Social Engineering Fraud: Is Your Business Insured Against Phishers To A Good Point?

What is social engineering fraud? You may think you don’t know, but you do. In fact, it has already been attacked repeatedly and recently, probably even today. Social engineering fraud is a leading cause of data breaches and has led to the theft of billions of dollars. So what exactly is this?

According to Interpol, that is correct, Interpol, Social engineering fraud is a type of scam that tricks, tricks, or manipulates victims into initiating money transfers or revealing confidential and personal information that can then be used for illegal purposes. It relies on person-to-person interaction, not weapons or hackers, to perpetrate a crime.

Phishing is the most common form of social engineering fraud. Phishers send unsolicited emails that look like legitimate requests for payment or information. The same technique can be performed over the phone (“Vishing”) or text message (“SMishing”). Phishers often pose as real companies by using real logos and the like (“counterfeit”) emails. Their emails usually include a call to action.

Statistics indicate that phishing rates have decreased in recent years. However, spear phishing rates are increasing. Unlike the wide web launched by phishers, spear phishers target specific individuals within an organization, particularly those with access to finances or confidential information.

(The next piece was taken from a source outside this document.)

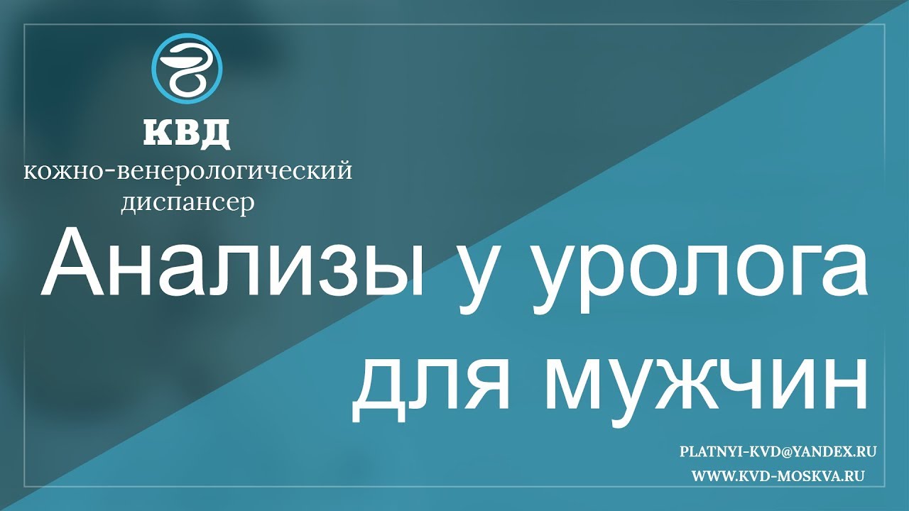 Заболевания мужской половой сферы, их диагностика, профилактика и лечение являются предметом изучения андрологии. Все, кто приходит с какой-либо проблемой в это сфере, обязательно должны сдать анализы у уролога для мужчин. Подробнее - https://kvd-moskva.ru/muzhskoe-obsledovanie/ Для подробной консультации по этому вопросу, обращайтесь в платный центр КВД-Москва. Наши телефоны: 8 (495) 642-30-37, 8 (495) 532-66-57 Наш e-mail: platnyi-kvd@yandex.ru Наш сайт: http://kvd-moskva.ru

For example, spear phishers posing as the CEO of an Austrian aerospace company used a corporate email compromise attack to convince an employee to transfer nearly $ 50 million to an account for a bogus acquisition project. (Spear phishing is also known as whaling or CEO fraud.) The spear phishing emails were also used to obtain the password for a Gmail account used by Hillary Clinton’s campaign chairman.

Despite its many forms, social engineering fraud generally incorporates the following distinctive elements:

  • Identification of objectives. Criminals often use open source intelligence, social media, and corporate websites to profile potential targets, develop an accurate picture of the organization, and identify key executives and members of the finance team.
  • Grooming relationships. Specific individuals are contacted through emails incorporating publicly available information and social media profiles to make them more likely to be read and viewed as authentic. This process can take days, weeks, or months.
  • Exploitation of vulnerabilities. Once the targets are convinced that they are dealing with an authorized person about a legitimate business transaction, they are asked to perform a routine or legitimate function. For example, they may receive wiring instructions or requests for formal-looking documents or information.
  • Execution of fraud. Inadvertently transferred funds are immediately transferred to another account. The confidential information that was disclosed is immediately used to perpetrate additional crimes, usually identity theft.

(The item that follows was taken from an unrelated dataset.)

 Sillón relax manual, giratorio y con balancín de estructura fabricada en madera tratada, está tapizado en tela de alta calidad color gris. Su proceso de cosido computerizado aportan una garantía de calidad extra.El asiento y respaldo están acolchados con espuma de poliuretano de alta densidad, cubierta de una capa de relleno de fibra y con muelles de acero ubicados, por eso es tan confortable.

Social engineering fraud poses a serious risk to all businesses, particularly small and medium-sized businesses, which are hit the hardest. According to the Federal Bureau of Investigation, spear phishing scams continue to grow, evolve, and target businesses of all sizes. Since January 2015, there has been a 1,300 percent increase in identified losses, totaling more than $ 3 billion.

Many companies mistakenly believe that losses attributed to social engineering fraud will be covered by their standard commercial insurance policies. Unfortunately, this error is often not revealed until it is too late. Standard commercial insurance policies have a number of coverage gaps when it comes to losses of this type.

Standard commercial general liability and property insurance policies are not designed to protect against social engineering fraud, so a lack of coverage should be expected. However, what is not normally expected are coverage gaps in policies that otherwise seem adequate to protect against these losses.

For example, although social engineering fraud generally takes place online, it does not necessarily involve hacking or compromising computer systems. So, depending on the circumstances, coverage may be denied under a standard cyber liability insurance policy. And, since victims ultimately send money knowingly and voluntarily, coverage can also be denied under a standard crime or fidelity policy.

Social engineering fraud endorsements are available to fill these coverage gaps. They are specifically designed to cover the unique risks posed by social engineering fraud, including:

  • supplier or supplier impersonation;
  • executive personification; and
  • customer spoofing.

Losses from social engineering fraud can be devastating. All companies should review their insurance policies to identify and address any actual or potential coverage gaps. Unfortunately, when it comes to social engineering fraud, implementing safeguards, maintaining awareness, and educating employees isn’t always enough.